This should help you choose between the Bit 1 and Bit10 if you didn't know.


dobslob said:


> This will be a fun first post.
> 
> Tim and Sam asked me to post here abut differences between the two products. I am their Elettromedia rep, and installer for the past 27 years and spend a lot of time playing with audio with my very close friend Larry Frederick, allowing me a lot of access to many products before they are even announced.
> 
> ...


----------



## bbfoto (Aug 28, 2005)

^ Thanks for that great info.


----------



## eddieg (Dec 20, 2009)

As well you should know that now "bit tune" is also available and it narrows down the reason to consider a JBL MS-8 rather then one of the BIT products. 

As well, for me it seems the MS-8 is not as good as the BIT products, on all the systems I heard it on, it was too flat on systems it did tune well and on system it did not tune well, well... 

As for the 3.sixty - never had my hands not even eyes on it but it seems very promising, I really liked the basic sound quality out of the original first version. 
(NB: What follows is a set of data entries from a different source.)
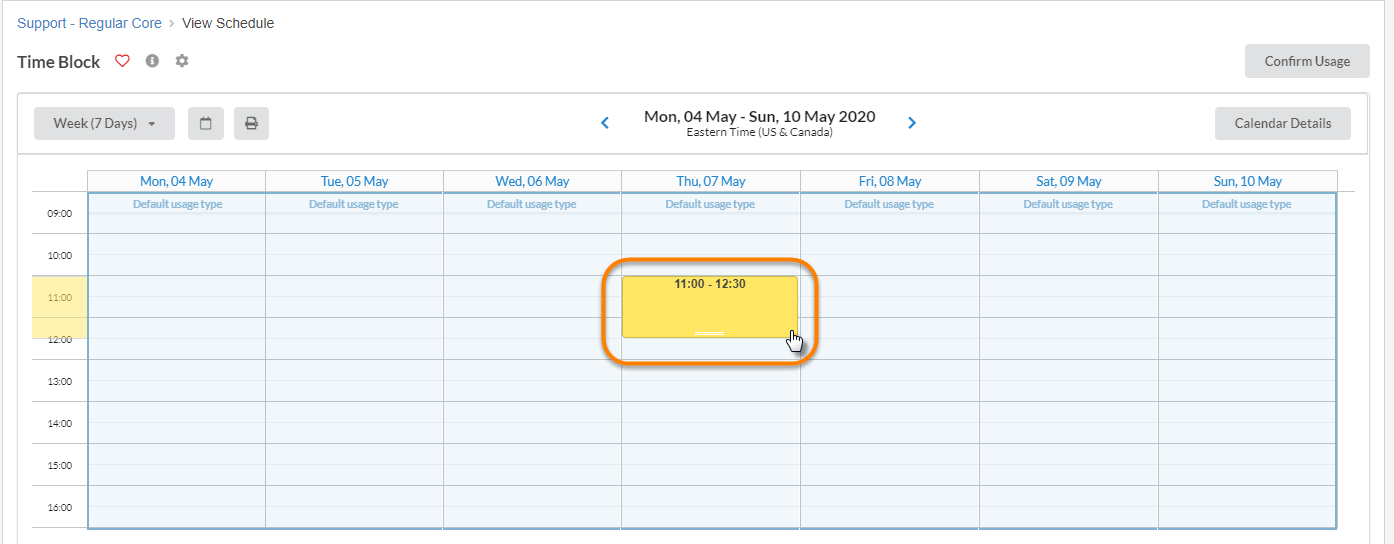 This is how the calendar displays an unavailable time block:
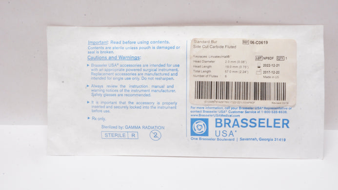 - Brasseler 06-C0619 Standard Bur Side Cut Carbide Fluted 2.24x 0.08 x 0.75inch(x)
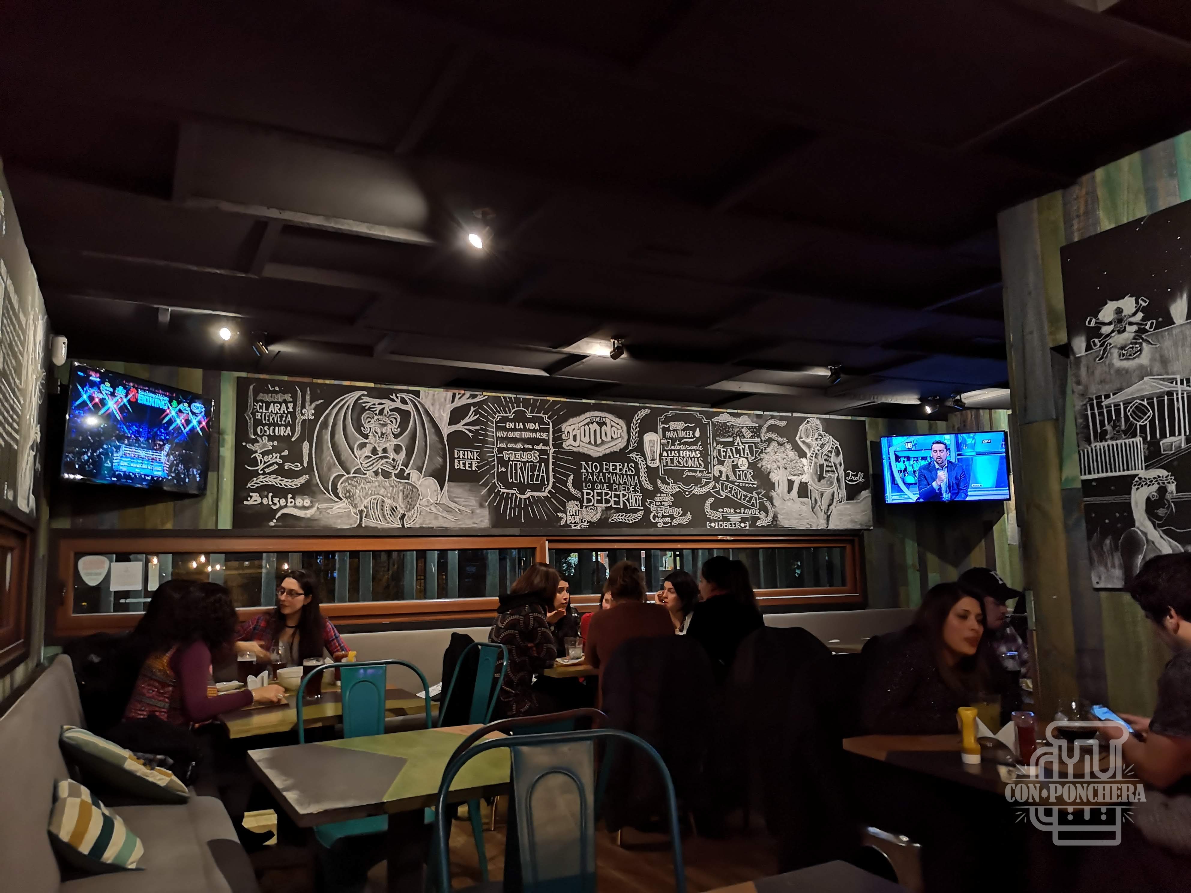 Lo primero que nos llama la atención de Bar Bundor es su decoración. Como fuimos en época de frío, se agradece la abundante presencia de estufas, en primer lugar. Pero también nos llama la atención que hay figuras de Troll y de Elfa tamaño real, donde puedes poner tu cara y tomarte una buena foto para el recuerdo. Ya adentro, se siente la mística del bar con una buena selección de artículos medievales, dibujos a mano en tiza de los seres mitológicos, mensajes y refranes alusivos a la cerveza. Destacar que también en un sector del bar hay unos sillones muy cómodos para quienes disfruten tomar chelita como en el living de su casa. En todo momento el rock clásico y el metal nos acompañan de fondo.

The H800 is getting a lot of contradicting opinions and the bad ones for what I know are about stability of this product but really I do not know.
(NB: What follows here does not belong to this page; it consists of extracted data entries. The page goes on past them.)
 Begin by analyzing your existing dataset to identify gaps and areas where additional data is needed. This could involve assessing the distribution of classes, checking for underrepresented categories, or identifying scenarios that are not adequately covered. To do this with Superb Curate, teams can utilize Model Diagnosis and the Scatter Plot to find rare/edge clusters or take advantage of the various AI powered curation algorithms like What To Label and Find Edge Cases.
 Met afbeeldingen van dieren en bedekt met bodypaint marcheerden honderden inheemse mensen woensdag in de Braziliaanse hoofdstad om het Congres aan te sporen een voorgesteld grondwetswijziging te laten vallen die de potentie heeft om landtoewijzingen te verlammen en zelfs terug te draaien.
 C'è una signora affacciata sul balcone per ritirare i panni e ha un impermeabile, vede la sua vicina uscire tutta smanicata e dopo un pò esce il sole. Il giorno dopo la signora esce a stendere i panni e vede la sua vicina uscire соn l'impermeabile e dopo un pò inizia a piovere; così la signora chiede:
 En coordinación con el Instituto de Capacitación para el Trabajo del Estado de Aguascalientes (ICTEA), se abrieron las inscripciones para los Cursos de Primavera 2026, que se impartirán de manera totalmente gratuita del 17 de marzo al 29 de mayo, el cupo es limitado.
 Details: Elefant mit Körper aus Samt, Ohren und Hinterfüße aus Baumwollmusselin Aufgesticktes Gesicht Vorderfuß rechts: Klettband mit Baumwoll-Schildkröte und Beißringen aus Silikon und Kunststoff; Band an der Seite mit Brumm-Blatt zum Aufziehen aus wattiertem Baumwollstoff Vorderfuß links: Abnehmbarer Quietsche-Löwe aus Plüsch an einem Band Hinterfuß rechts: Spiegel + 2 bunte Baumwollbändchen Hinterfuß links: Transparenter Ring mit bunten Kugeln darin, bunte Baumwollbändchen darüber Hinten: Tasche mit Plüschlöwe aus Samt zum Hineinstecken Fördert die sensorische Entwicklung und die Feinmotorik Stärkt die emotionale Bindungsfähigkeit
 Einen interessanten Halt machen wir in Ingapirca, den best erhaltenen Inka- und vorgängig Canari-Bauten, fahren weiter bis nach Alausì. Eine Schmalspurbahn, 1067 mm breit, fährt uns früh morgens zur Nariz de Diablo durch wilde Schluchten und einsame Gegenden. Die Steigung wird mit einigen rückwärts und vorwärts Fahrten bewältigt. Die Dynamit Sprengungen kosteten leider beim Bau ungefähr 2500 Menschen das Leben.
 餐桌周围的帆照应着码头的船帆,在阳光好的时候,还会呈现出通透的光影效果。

The H900 is simply amazing in conjunction to their F1 status - simply wow.

The only thing I don't like about Alpine HU's and their processors is the same thing I don't like about Pioneer stage 4 is that they force you to work with their own products. 

The bit one - you can take a smartphone and HDMI extractor, IPHONE and Pure i-20 or CarPC with cards such as audiophilleo ( I use the main board optical out) and get your "HU" with any possible configuration desired. 

So this is up to you. 


I own a bit one and a bit ten (installed in my dad car) and I can tell you that the fact that the bit ten does not have higher slopes than 24 is in a way, meaningless for 99.9% of the user, hoever, the bit ten has an advantage and that is that you can set different slopes to both ends of a bandwidth filter - the bit one can not do that. 
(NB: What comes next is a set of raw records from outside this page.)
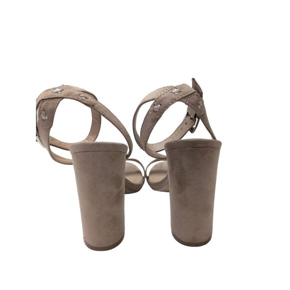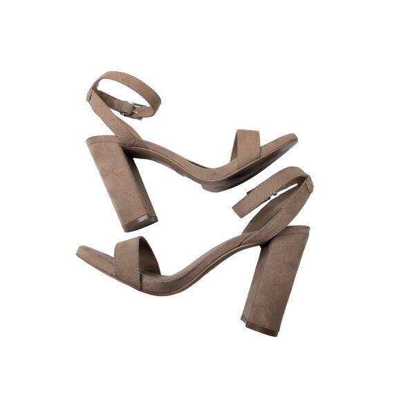 Express Chunky Heel Sandal Womens 7 Tan Faux Suede Dressy Open Toe Neutral
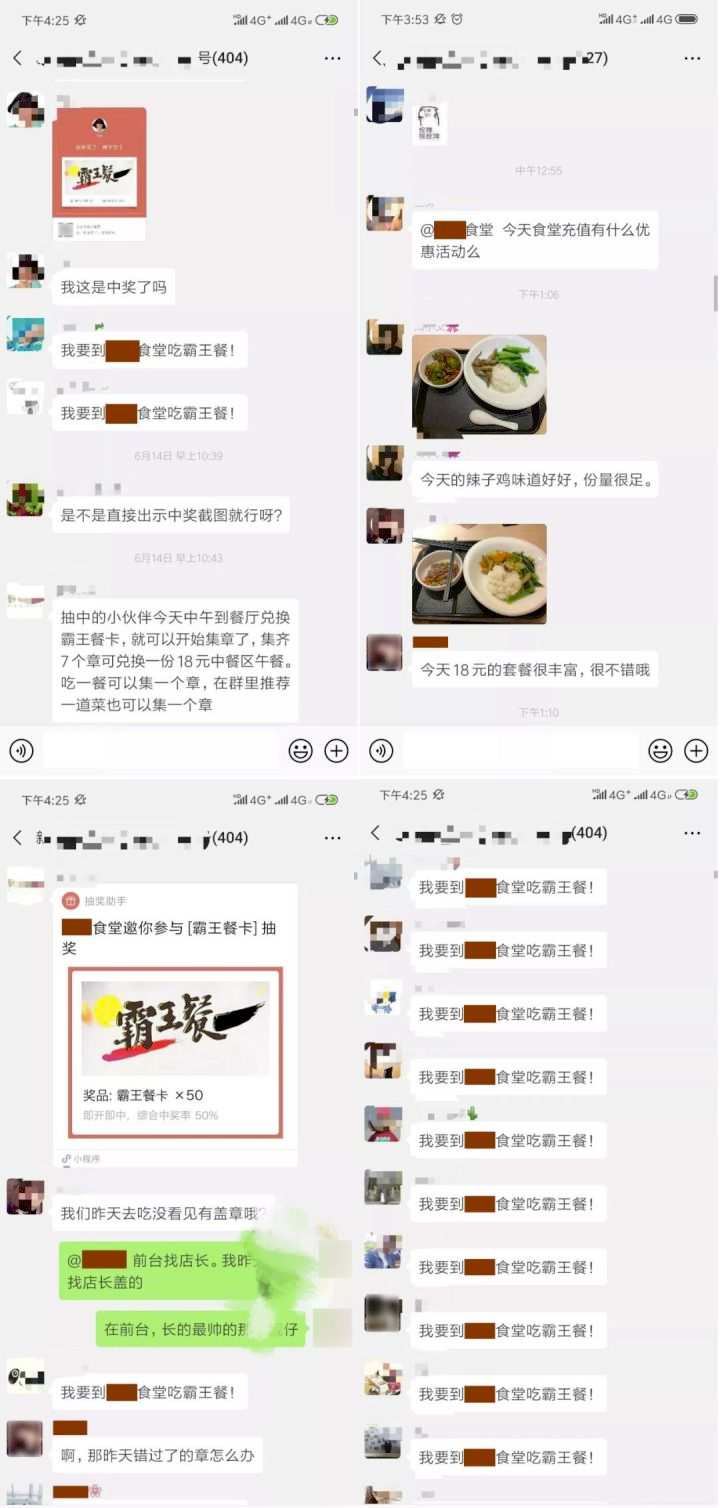 ①3天活动期间,每天上午在微信群发起“抢霸王餐卡”活动,集齐一定数量卡片可免费兑换“午餐免单”权限,用抽奖助手小程序即可实现,注意每天限量,制造哄抢氛围,有氛围才能促活。
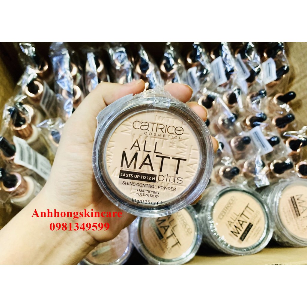 Phấn phủ Catrice All Matt Plus Shine Control Powder – Các hạt phấn siêu nhỏ, bám chặt khi đánh lên da. Đặc tính nổi trội của loại phấn phủ này chính là độ che phủ hoàn hảo và khả năng hút dầu cực tốt, phù hợp cho làn da dầu, hỗn hợp thiên dầu. – Đặc biệt, độ bền của phấn cực chuẩn, giữ được tận 12h, giúp bạn có một làn da trắng hồng láng mịn không tì vết. – Phấn phủ nén Catrice All Matt Shine Control powder màu trong suốt, sẽ không làm thay đổi màu lớp nền của bạn và dễ dàng sử dụng với mọi màu nền – Với công nghệ vượt bậc, tiên tiến nhất của Đức, hãng mỹ phẩm Catrice đã cho ra đời phấn phủ Catrice All Matt Plus Shine Control Powder với các thành phần cực kì an toàn cho da, đã được kiểm nghiệm gắt gao nhất.
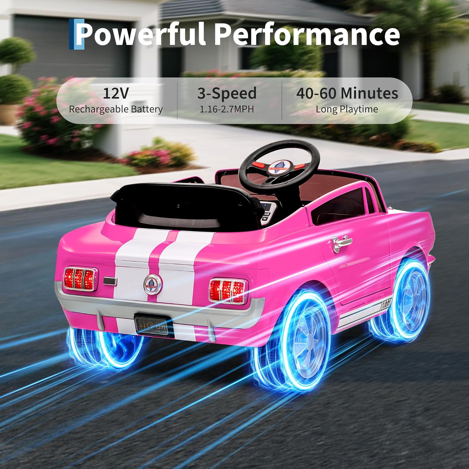 12V Ride on Car Licensed Shelby GT350, Battery Powered Ride On Toy for Toddlers with Remote Control, Electric Car for Kids, Bluetooth, Shock Absorbers, Safety Belt, 3 Speeds, LED Lights, Music, Pink

If you do not need to control a 4way active system then there is no real reason to go for the bit one, unless it is just because you can or want to.


----------



## invictuz (Jul 16, 2012)

adrenalinejunkie said:


> This should help you choose between the Bit 1 and Bit10 if you didn't know.


excellent information on the Bit series! ty





eddieg said:


> As well you should know that now "bit tune" is also available and it narrows down the reason to consider a JBL MS-8 rather then one of the BIT products.
> 
> As well, for me it seems the MS-8 is not as good as the BIT products, on all the systems I heard it on, it was too flat on systems it did tune well and on system it did not tune well, well...
> 
> ...


Exactly the real world experience i am looking for, thank for taking the time to share.
I was looking hard at the Bit One, but with your reply and ADs info on the Bit series i am going to have to take another look at the Bit Ten.

Wonder how hard it would be to crack into the Lexus digital link used in the Mark Levinson system between the control unit and the amplifier / ECU.


----------



## eddieg (Dec 20, 2009)

If you are going for the bit ten then take in mind the following: 

1. The sub channel is mono ONLY and it has only a single RCA output.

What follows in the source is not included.